La mia ricerca sviluppa metodi di microscopia ottica per preservare le caratteristiche cellulari nelle lamelle criogeniche durante la fresazione a fascio di ioni focalizzato, permettendo un'analisi dettagliata tramite tomografia elettronica criogenica per scoprire l'organizzazione biologica nativa. La microscopia ottica è stata integrata nei sistemi CryoFIB-SEM, ma raramente nella stessa posizione della FIB. Ciò richiede approcci di guida basati sulla registrazione per preservare i bersagli marcati fluorescenti nella lamella finale.
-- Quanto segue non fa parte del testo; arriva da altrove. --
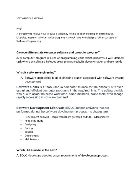 Let’s talk about the Software Development Lifecycle (SDLC) , guys. This is like the roadmap that software engineers follow to create software from start to finish. It’s a structured process designed to ensure that the final product is high-quality, reliable, and meets all the user’s needs. Think of it as a project management framework that breaks down the entire software creation process into distinct phases. The first phase is typically Planning and Requirements Analysis . This is where the whole journey begins. The team gathers all the necessary requirements from the client or stakeholders. What problem are we trying to solve? What features should the software have? What are the constraints? This phase is crucial because getting the requirements wrong can lead to building the wrong product, which is a huge waste of time and resources. After requirements are clear, we move into Defining and Designing . In this phase, based on the gathered requirements, the system architecture and technical design are laid out. This involves defining the overall structure, the databases, the user interface (UI), and the user experience (UX). It’s like creating the detailed blueprints for our software skyscraper. Then comes the Implementation or Coding phase. This is where the actual coding happens. Developers write code based on the design specifications, using programming languages and tools they’ve learned. This is often the most time-consuming phase, where the software starts taking shape. Once the code is written, it needs to be Tested . The testing phase is critical for ensuring the software is free of bugs and works as expected. Various types of testing are performed, including unit testing, integration testing, system testing, and user acceptance testing (UAT), to catch any issues before deployment. After successful testing, the software moves into the Deployment phase. This is when the software is released to the end-users or integrated into the existing systems. It could be as simple as uploading an app to an app store or as complex as rolling out a new enterprise system across an organization. Finally, there’s Maintenance . Software isn’t a ‘set it and forget it’ thing. Once deployed, it needs ongoing support. This phase involves fixing any bugs that pop up in production, making updates, and adding new features based on user feedback or changing business needs. The SDLC isn’t always a linear process; methodologies like Agile embrace iterative development, where these phases might be revisited multiple times in shorter cycles. Understanding the SDLC is fundamental for any aspiring software engineer because it provides a systematic approach to building complex software, ensuring quality, efficiency, and client satisfaction throughout the entire project lifecycle. It’s the blueprint for turning an idea into a working, valuable product.

Per cominciare, raffreddare manualmente la stazione di trasferimento utilizzando azoto liquido una volta che lo stadio ha raggiunto le temperature criogeniche. Carica una griglia automatica agganciata nella cassetta campione progettata per il sistema di microscopia artificiale criogenica. Assicurati che l'autogrid sia posizionata tra il coperchio incollato e il distanziatore.
Stringi la vite ad anello per chiudere la cassetta e inseriscila nella fessura della stazione di trasferimento. Collega la stazione di trasferimento al sistema di microscopia artificiale criogenica. Usa la camera interna della camera per guidare la cassetta campione verso il palco del campione.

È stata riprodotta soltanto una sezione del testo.